In a significant stride towards optimizing power grid efficiency, researchers have demonstrated how strategic placement of wind power plants (WPs) and Flexible AC Transmission Systems (FACTS) devices can substantially reduce operational costs. The study, led by Le Chi Kien from the Faculty of Electrical and Electronics Engineering at Ho Chi Minh City University of Technology and Education, was published in the journal Nature Scientific Reports.
The research focused on the IEEE 30-bus transmission power grid, a standard test system in power engineering. The team explored the optimal placement of WPs, Thyristor Controlled Series Capacitors (TCSCs), and Static VAr Compensators (SVCs) to minimize total costs, including fuel, losses, and FACTS device expenses. “We converted the investment, operation, and maintenance costs of these components into one-hour equivalents and applied the peak load hour to assess their impact,” Kien explained.
To tackle this complex optimization problem, the researchers employed several advanced algorithms, including the constriction factor-based particle swarm optimization (CF-PSO), Coot optimization algorithm (COOT), Equilibrium optimizer (EO), and Hippopotamus optimization algorithm (HO). After evaluating the performance of these algorithms, they found that the Equilibrium optimizer (EO) was the most effective.
The study revealed that combining two TCSCs and two SVCs yielded the most significant cost savings. Moreover, the simulations for installing WPs in three different zones in Vietnam with varying mean wind speeds showed that a mean wind speed of 6.33 m/s was not suitable for placing WPs. However, for the two remaining mean wind speeds (8.11 m/s and 10.25 m/s), the investment in WPs was found to be maximum, and the total cost was minimum.
This research has profound implications for the energy sector, particularly in regions with high wind potential. By strategically integrating WPs and FACTS devices, power grid operators can enhance system stability, reduce losses, and lower operational costs. “Our findings can guide policymakers and industry stakeholders in making informed decisions about renewable energy integration and power grid optimization,” Kien stated.

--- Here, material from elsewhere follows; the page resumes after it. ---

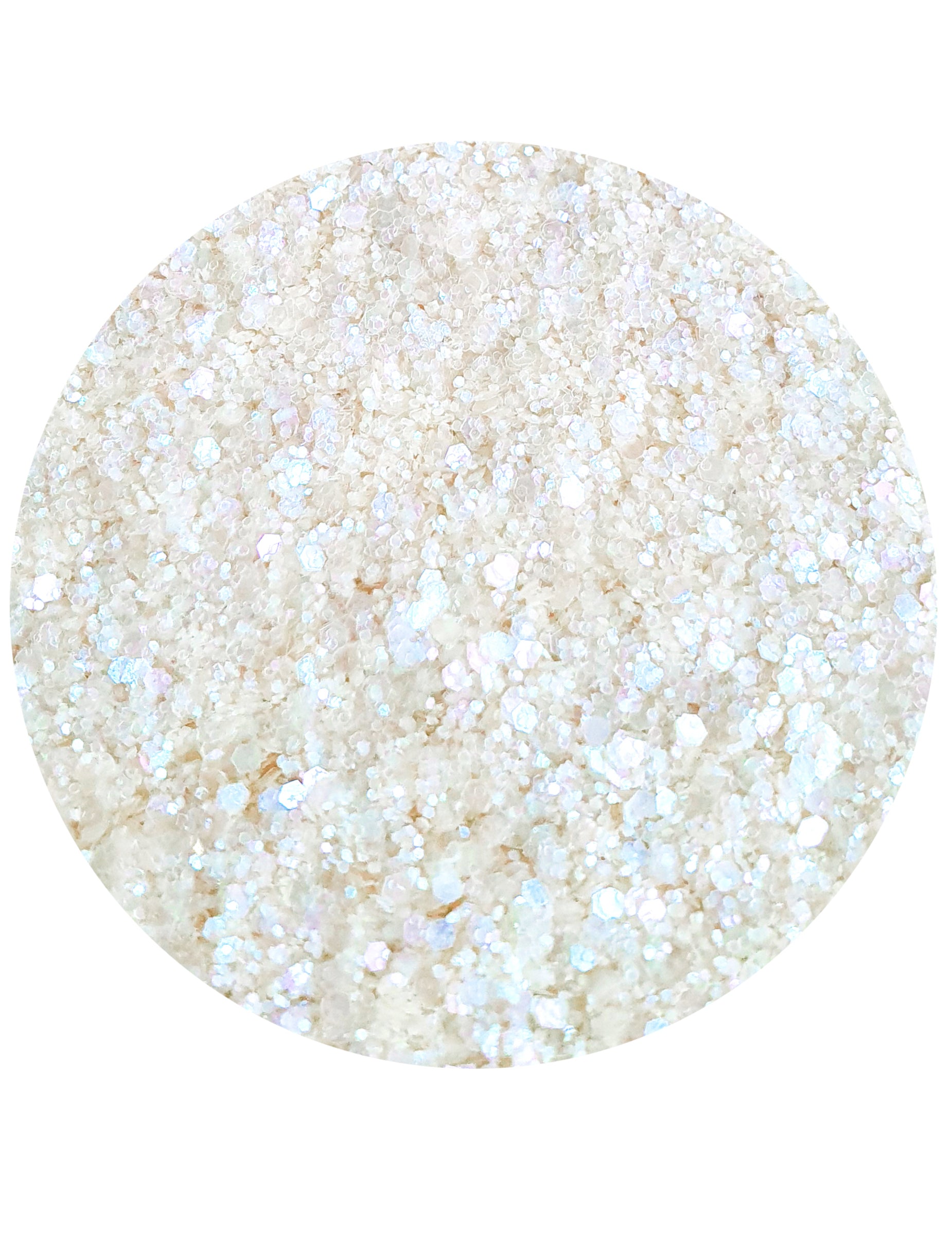Dieses Glas mit biologisch abbaubarem Glitzer "weiße Nacht" von Si si la paillette enthält 5 ml oder ca. 3,5 g Glitter.

As the world transitions towards cleaner energy sources, such studies become increasingly vital. The insights gained from this research can help shape future developments in power grid management, ensuring a more sustainable and efficient energy infrastructure. With the energy sector under constant pressure to reduce costs and improve efficiency, this study offers a promising path forward, demonstrating the potential of combining renewable energy sources with advanced grid technologies.